October 27, 2025 at 4:27 AM IST
It was excellent journalism on the part of Pranshu Verma and Ravi Nair to do the Washington Post story on the government having persuaded LIC to invest in Adani at a time when global investors were hesitant in the wake of an American case against Adani for having bribed officials in India and for having raised funds from American investors on false pretences. Kudos to the two, and to WaPo for publishing the story that Indian publications would have been reluctant to.
That said, should we be so indignant at LIC rushing to the aid of an Indian megacorp in trouble? Or are we upset that the government, according to the report, acted as Camelot, and dispatched a knight in shining armour to perform the rescue act? Any outrage over depicting Adani as a fair damsel in distress is perfectly understandable, but is the presumed stink over the relationship between the government and big business as real as it is construed to be?
Adani is one of India’s biggest and most successful business conglomerates that has built sizeable chunks of India’s infrastructure — ports, giant thermal power plants and even bigger renewable power generators — and is now venturing into data centres, besides running airports. Many banks lend to it, lots of Indian retail investors and financial institutions have invested in the company.
It is distinctly against the interest of the Indians, severally and collectively, for Adani businesses to fail. If Adani or Ambani fail to service their debt raised abroad, because they fail to roll over a chunk of their debt, it would not be just these groups that suffer a credit downgrade. All of India Inc would face higher borrowing costs the next time they try to raise capital abroad.

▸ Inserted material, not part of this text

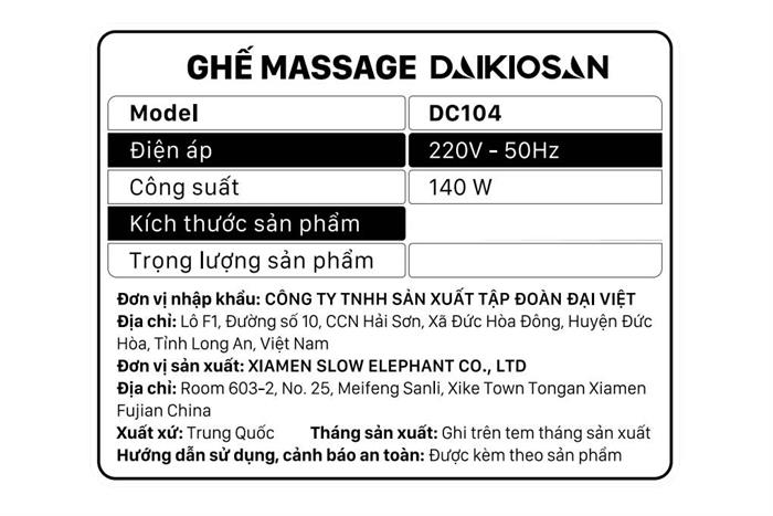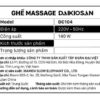 Màu sắc này không chỉ tăng thêm vẻ tinh tế mà còn kết hợp hoàn hảo với nhiều phong cách thiết kế nội thất khác nhau, giúp ghế massage giá rẻ Daikiosan DC104 phù hợp với mọi không gian.

It is in the interest of Indian companies, Indian lending institutions, Indian workers whose retirement savings and Indian savers, whose mutual fund SIP contributions, are invested in megacorp stocks, to see that major Indian companies continue to thrive. Nor has LIC or other investors in Adani picked a loser when they put their money in Adani.
Does this mean that the Indian people should condone wrongdoing by companies simply because they are too big to fail? It does not. If a company’s conduct is such that it harms other companies and defrauds its investors, it should be punished, and not just not protected.
What was the charge against Adani in the US? The principal charge is that it paid bribes to Indian bureaucrats to win a solar power contract in Andhra Pradesh. Not just in Jagan Reddy-run Andhra Pradesh, not anywhere in India, is any major government-mediated project awarded without someone taking some funds from whoever gets to execute the project. This is the case even when the project goes to the lowest-cost bidder.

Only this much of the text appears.